# Slots inside nested pure functions

I'd like /@ instead of Table or Map. But let we have it inside pure function:

{#1, (#1 + #) & /@ #2} &[a, {b, c, d, e, ...}]


It is assumed that the second #1 should be the same as first - a first argument of a main function. So output should be:

{a, {a + b, a + c, ...}}


But of course according to the rules of Wolfram Language the second #1 stands for first argument of inner function, so output is:

{a, {2 b, 2 c, 2 d, ...}}


Is it possible to avoid Table in this case?

### Clarification

In documentation there is an example: Horner nested polinomial:

Fold[x #1 + #2 &, 0, {a, b, c, d, e}]


I need a pure function instead of function of x, and short (for code-golf challenges). The ways suggested in the answers are not suitable in this case.

Plus is Listable:

{#1, #1 + #2} &[a, {b, c}]


But more generally, you can always use the full, explicit form of Function:

{#1, Function[x, #1 + x] /@ #2} &[a, {b, c}]


Or

Function[{addend, list}, {addend, Function[x, addend + x] /@ list}][a, {b, c}]

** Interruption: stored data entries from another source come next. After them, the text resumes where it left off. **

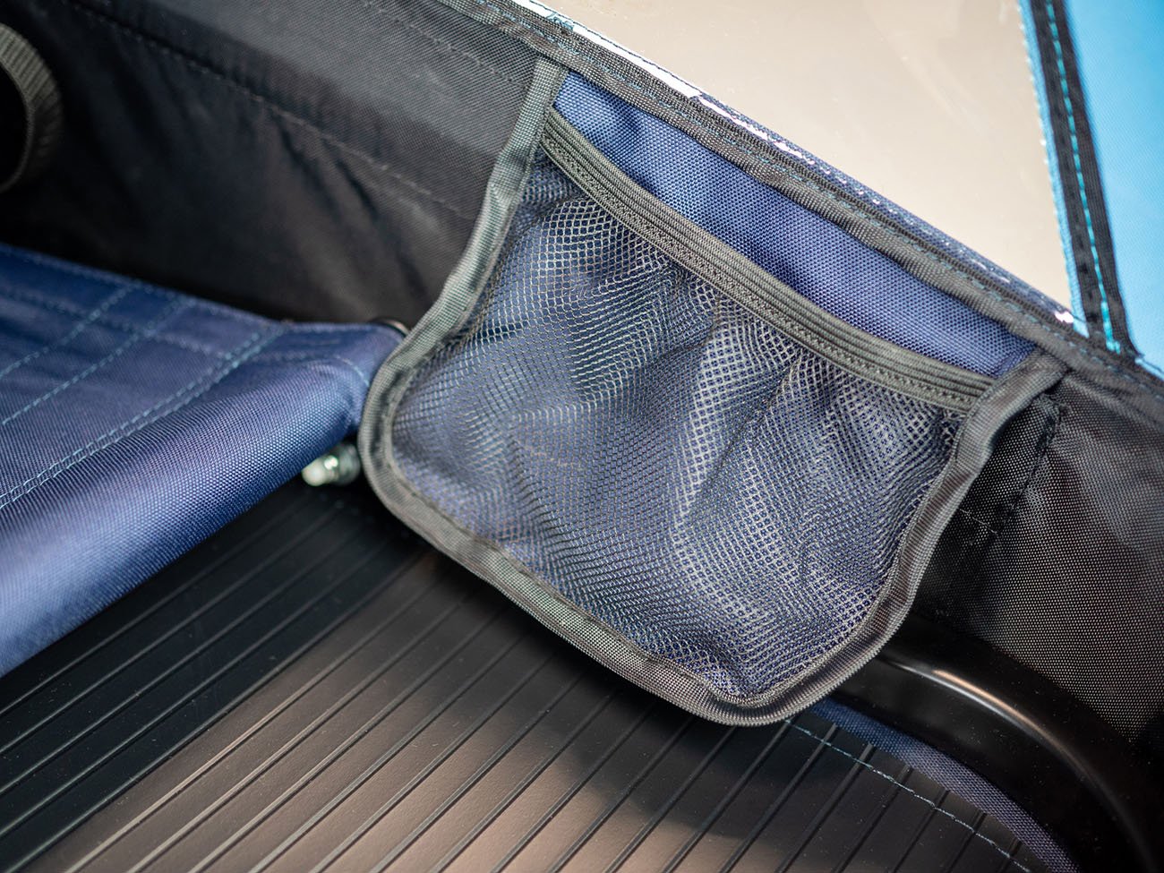 pevná kostra z certifikovaných materiálov, nepremokavý kryt, moskytiéra, plastové predné okno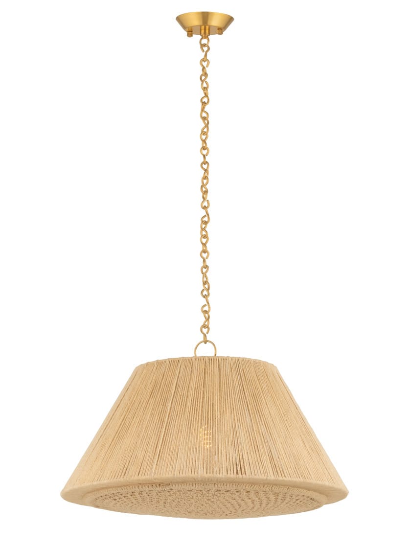 Woven in different patterns and directions, the fine details of Mystic create a compelling display of craftsmanship. The side walls feature a traditional vertical string construction, while the lower surface has been constructed using a decorative crochet technique. The dyed jute fibers lend an air of natural softness, making this pendant perfect for eclectic or coastal design themes.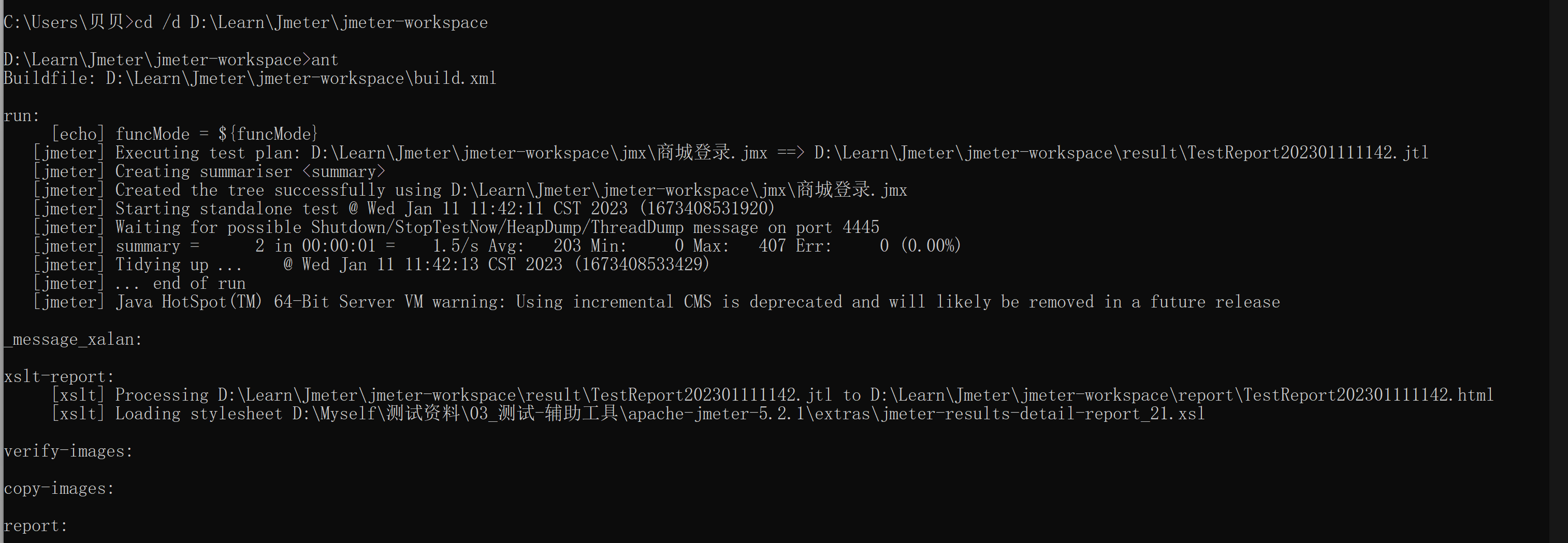 2、cmd进入jmeter目录执行命令jmeter -n -t 商城测试.jmx -l testreport.jlt -e -o Beireport
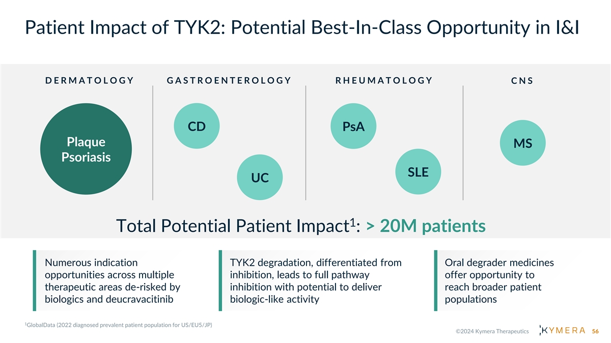 Patient Impact of TYK2: Potential Best-In-Class Opportunity in I&I D E R M A T O L O G Y G A S T R O E N T E R O L O G Y R H E U M A T O L O G Y C N S CD PsA Plaque MS Psoriasis SLE UC 1 Total Potential Patient Impact : > 20M patients Numerous indication TYK2 degradation, differentiated from Oral degrader medicines opportunities across multiple inhibition, leads to full pathway offer opportunity to therapeutic areas de-risked by inhibition with potential to deliver reach broader patient biologics and deucravacitinib biologic-like activity populations 56

Some alternates to represent the case where the function we're mapping is non-Listable.

{#1, Thread[f[#1, #2]]} &[a, {b, c, d, e}]
(*{a,{f[a,b],f[a,c],f[a,d],f[a,e]}}*)

{#1, Function[x, f[#1, x], Listable][#2]} &[a, {b, c, d, e}]
(*{a,{f[a,b],f[a,c],f[a,d],f[a,e]}}*)

• But what if we have big list, or/and non-listable operator? Jan 28 at 15:21
• The length of the list shouldn't matter. If the operator isn't listable, you can use the Function[...] form (I updated the answer) or you can actually set attributes of a Function (so write the Function as just appling the operator you want, but add a third argument of Listable). Jan 28 at 15:26
• Thread might work here as well for non-listable operators. Jan 28 at 15:35
• Don't forget there's also the Function shorthand ({x, y} |-> {x, f[x, #] & /@ y})[a, {b, c}] Jan 29 at 13:04

It seems ReplaceAll is suitable for all cases:

{x, (x + #) & /@ #2} /. x -> #1 &[a, {b, c, d, e}]


Output: {a, {a + b, a + c, a + d, a + e}}

f = Fold[x #1 + #2 &, 0, {a, b, c, d}] /. x -> # &;
f@2


Output: 2 (2 (2 a + b) + c) + d